The rough growl of his voice makes my toes curl. “That’s probably a good thing,” I manage—and right then, mercifully, the alarm stops bleating.
He grins down at me, and just as I’m registering that we’re still hugging, our bodies locked together like magnets, the song changes and Otis Redding’s bluesy baritone floats through the kitchen.
These arms of mine, they are lonely . . .
Jack raises an eyebrow at me, and without waiting for an answer, starts swaying in time with the music. I decide to go with it, replacing my head on his chest and melting into his embrace—but not before I slide off the oven mitts and toss them to the floor, which makes him laugh, the deep, rumbling sound vibrating against my cheek.

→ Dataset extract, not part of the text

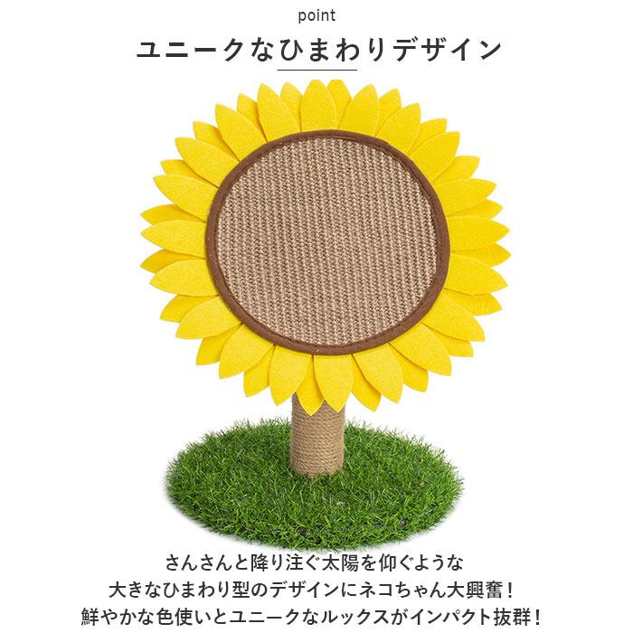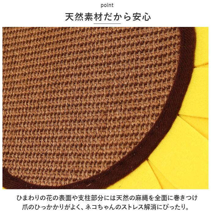 ・ひまわりの花の表面や支柱部分には天然の麻縄を全面に巻きつけ、爪のひっかかりがよく、ネコちゃんのストレス解消にぴったり。
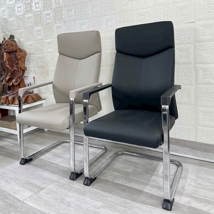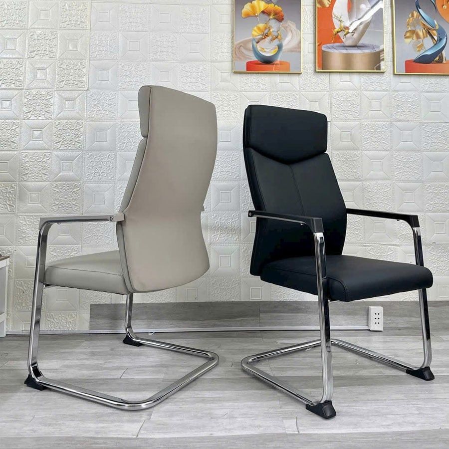 - Chất liệu: Tựa lưng bọc nệm da, tay sắt mạ crom ốp nhựa, chân mạ crom

Time stands still as we slow-dance, the angst of the last few minutes fading away as I dissolve into his chest—though I suppose if we’re splitting hairs, what we’re actually doing is closer to cuddling than dancing. If this was a movie montage, it’d be the scene engineered to tug at viewers’ heartstrings: just me and Jack, all our pretenses and posturing stripped away as we rock back and forth in charged silence, oblivious to everything but each other.
. . . They are burning from wanting you.
We sway that way for ten . . . twenty . . . thirty more seconds, before he slows and pulls away slightly, and I lift my head to look up at him.
His gaze is a scorching heat; a dark, raging fire that burns right through me. His eyes search my face, lingering on my mouth, and my throat goes bone-dry. He lifts his hands to cradle my face, tipping my chin up, and I nearly stop breathing. My pulse pounds a relentless drumbeat in my neck; he must be able to feel it.
I know what’s about to happen and I’m powerless to stop it. He lowers his head slowly, deliberately, and it’s as though he’s saying: Now’s your last chance to pull away.